The Effect of Glycemic Control on Endothelial and Cardiac Dysfunction Induced by Red Blood Cells in Type 2 Diabetes

Ali Mahdi  1 Tong Jiao  1 Jiangning Yang  1 Oskar Kövamees  1 Michael Alvarsson  2 Maaria von Heijne  3 Zhichao Zhou  1 John Pernow  1
Affiliations

The Effect of Glycemic Control on Endothelial and Cardiac Dysfunction Induced by Red Blood Cells in Type 2 Diabetes

Ali Mahdi et al.
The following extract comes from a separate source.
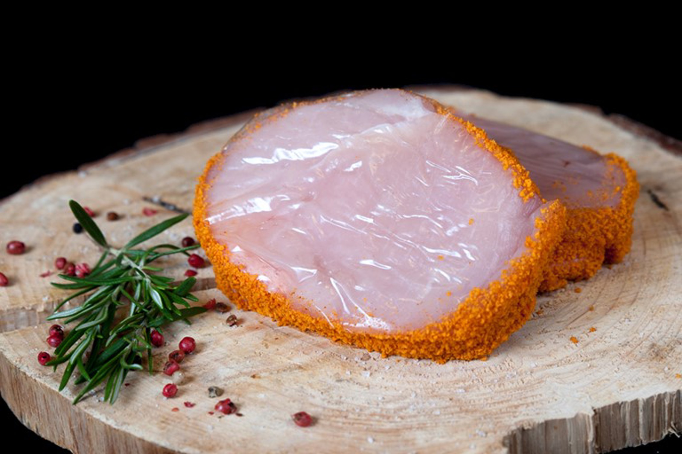Hamburger van kippengehakt, met een topping van verse kipfilet. Afgewerkt met een krokant korstje.

Front Pharmacol. .

Abstract

Red blood cells (RBCs) from patients with type 2 diabetes mellitus (T2DM) induce endothelial dysfunction and impair cardiac function following ischemia via increase in RBC arginase and oxidative stress. Here, we aimed to elucidate whether the effect of RBC-mediated cardiac impairment following ischemia and endothelial dysfunction in T2DM is dependent on glycemic control. Patients with T2DM at poor glycemic control (T2DM PGC) and at improvement in glycemic control (T2DM IGC) and healthy subjects were recruited. Isolated RBCs from subjects were incubated with aortic rings from healthy wild-type rats with subsequent evaluation of endothelium-dependent relaxation (EDR) using wire myograph. Moreover, RBCs were administered to isolated wild-type rat hearts with subsequent evaluation of left ventricular developed pressure (LVDP) during reperfusion using Langendorff setup. In separate experiments, RBCs were preincubated with an arginase inhibitor before perfusion. Blood glucose and glycated hemoglobin were 33 and 26%, respectively, lower in T2DM IGC compared with those in T2DM PGC. RBCs from T2DM PGC and T2DM IGC impaired EDR to a similar magnitude compared with RBCs from healthy subjects. LVDP was significantly impaired in hearts given RBCs from T2DM PGC as compared with those from healthy subjects. The impairment of LVDP induced by T2DM PGC was attenuated by RBCs from T2DM IGC. Arginase inhibition improved LVDP to a similar extent between T2DM PGC and IGC groups. These observations indicate that glycemic control abrogate the impairment in postischemic recovery but not endothelial dysfunction induced by RBCs from T2DM. Moreover, inhibition of RBC arginase improves cardiac function irrespective of glycemic control.

Keywords: diabetes; endothelial dysfunction; glycemic control; ischemia; red blood cells; reperfusion.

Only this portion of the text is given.